Clairol, Hair Bleach, Mature Women

 

It’s hard to imagine a world without hair color. Women would have to make friends with the shade they were born with, fewer blonds might roam on the planet and there’s no telling how many mature women might drive the scarf market to new heights. Hair color is certainly the easiest and most affordable transformational beauty product on today’s market; as a result of that little box of chemicals, faces are transformed, the aging process is mediated and the psychological benefits resulting from a treatment are endless. This bounty of benefits wouldn’t be possible without the expertise of scientists who knew a thing or two about the bucks and blessings hair color products produce and the advertisers who understand human nature. Next time you get into a discussion about hair color, drop a few facts on your audience so they know that beneath that gorgeous hair color shade resides a brain that’s just as beautiful.

History Lesson #1: With no Walgreen’s down the block, prehistoric women — followed by their more enlightened sisters in Roman, Greek and Egyptian societies — figured out ways to color their hair using the only materials available to them: plants, roots and minerals. Some experiments were successful. Others, not so much. From nutshells to roots, leaves and flowers – and with the addition of a few organic ingredients that are really too gross to mention – the search for hair color has deep literal and figurative roots.

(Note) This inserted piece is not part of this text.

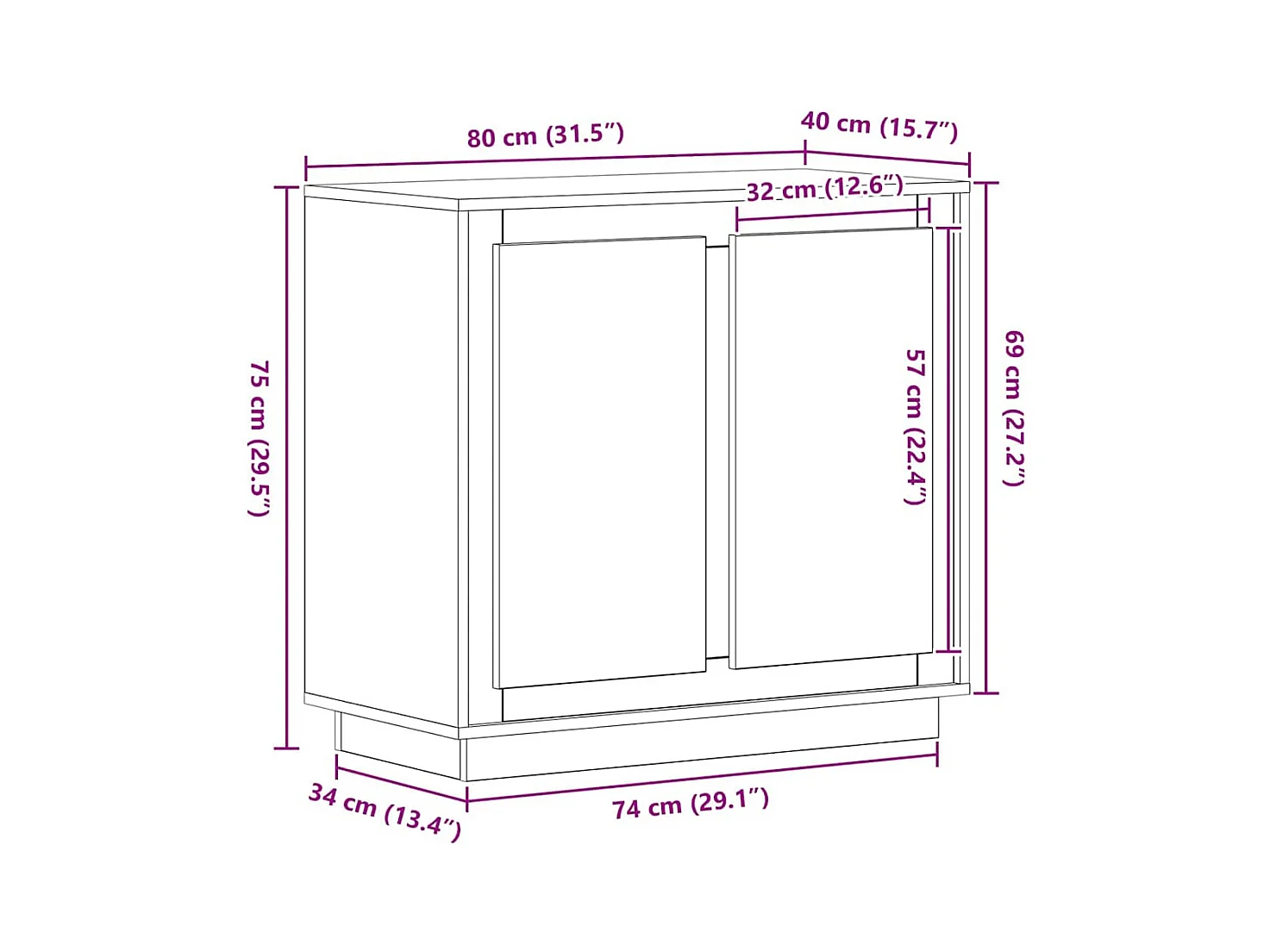 Buffet 60x34x75 cm Bois massif de pin

History Lesson #2: When Lehigh University’s Pani Jadwiga Zajaczkowa researched Medieval- and Renaissance-era hair dyes, quirky data emerged from the fray. During these eras, women used walnut shells, tree bark, alum and apples to alter their hair color or piled leaves and roots atop their heads, tying them on with sinew and leaving the rotting vegetation on their scalps for the recommended two days. Women dyed their hair brown by applying a cooked mixture of lead, sulfur and quick time. To become a black-haired temptress during either era, women removed the heads and tails of green lizards and then cooked the body in oil to produce raven locks.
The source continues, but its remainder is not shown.